# Anyone fancy a coffee in Belfast?



## shoppingqueen (Nov 22, 2007)

Hi

Just started posting here & was wondering if any of you ever meet up for a chat?  I know that Stork do a monthly mtg but I'm unsure thats for me just yet.  It would be nice to meet somebody or a few on a one to one basis & I think it may help us all.

Since this journey began friendships have taken a real nosedive as although only a few know they can't quite empathise & for those with kids its even tougher as the "mask" has to be on even tighter as I don't want to make them feel awkward.

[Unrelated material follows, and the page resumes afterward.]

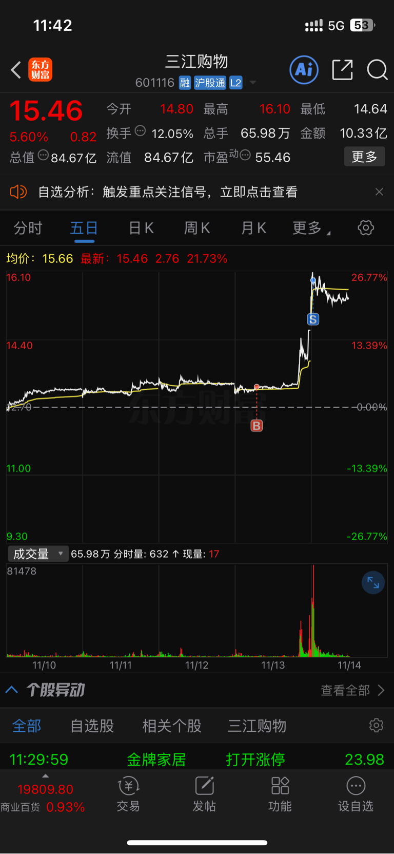 $三江购物(SH601116)$ 我饱了兄弟,下次再来

Looking forward to a relaxing coffee/drink ....!  

S

xx


----------



## MaryC (Jul 25, 2007)

Hi S,

Some of us on the NI thread met up a few weeks ago, I think the intention is to maybe meeting up again so keep an eye on the NI thread for details.

Mary


----------



## jofi (Apr 7, 2006)

Hi shoppingqueen, I'd be well up for it. I live in the East so town is handy for me. To be realistic it will probably be after christmas. (or maybe late next week )Are you based in Belfast? Give me a pm anytime, I'm not working at the minute and in January I'm going part-time so the company would be great.
xxxx


----------



## Cate1976 (Oct 29, 2007)

Have replied on NI thread.  Meet up sounds good.  I'll be doing Christmas shopping in Belfast next week, probably friday.


----------



## shoppingqueen (Nov 22, 2007)

Cheers to those of you who replied.

Be good see you

xxx


----------



## Dahlia (Oct 29, 2007)

Hi Shoppingqueen,

meeting up sounds good,maybe in New Year? Are you all shopped out yet. Hopefully I finished all mine today!!   

Dahlia x


----------



## shoppingqueen (Nov 22, 2007)

Hi

Just home from town & its bldy mental!!!!

Away now to chill out - DH out so home alone with telly & remote all for me!!!!

Happy chilling to you too

xxx


----------



## MaryC (Jul 25, 2007)

Shoppingqueen,

We are organising a meeting up of the girls on the NI thread in the new year, I'll keep you posted of details. Why don't you joins us over on the that thread, so you can get to know us beforehand, actually that might put you off!!!!!!! 

Mary


----------



## shoppingqueen (Nov 22, 2007)

OKEY  DOKE - SEE YOU ON THE NI THREAD

XX


----------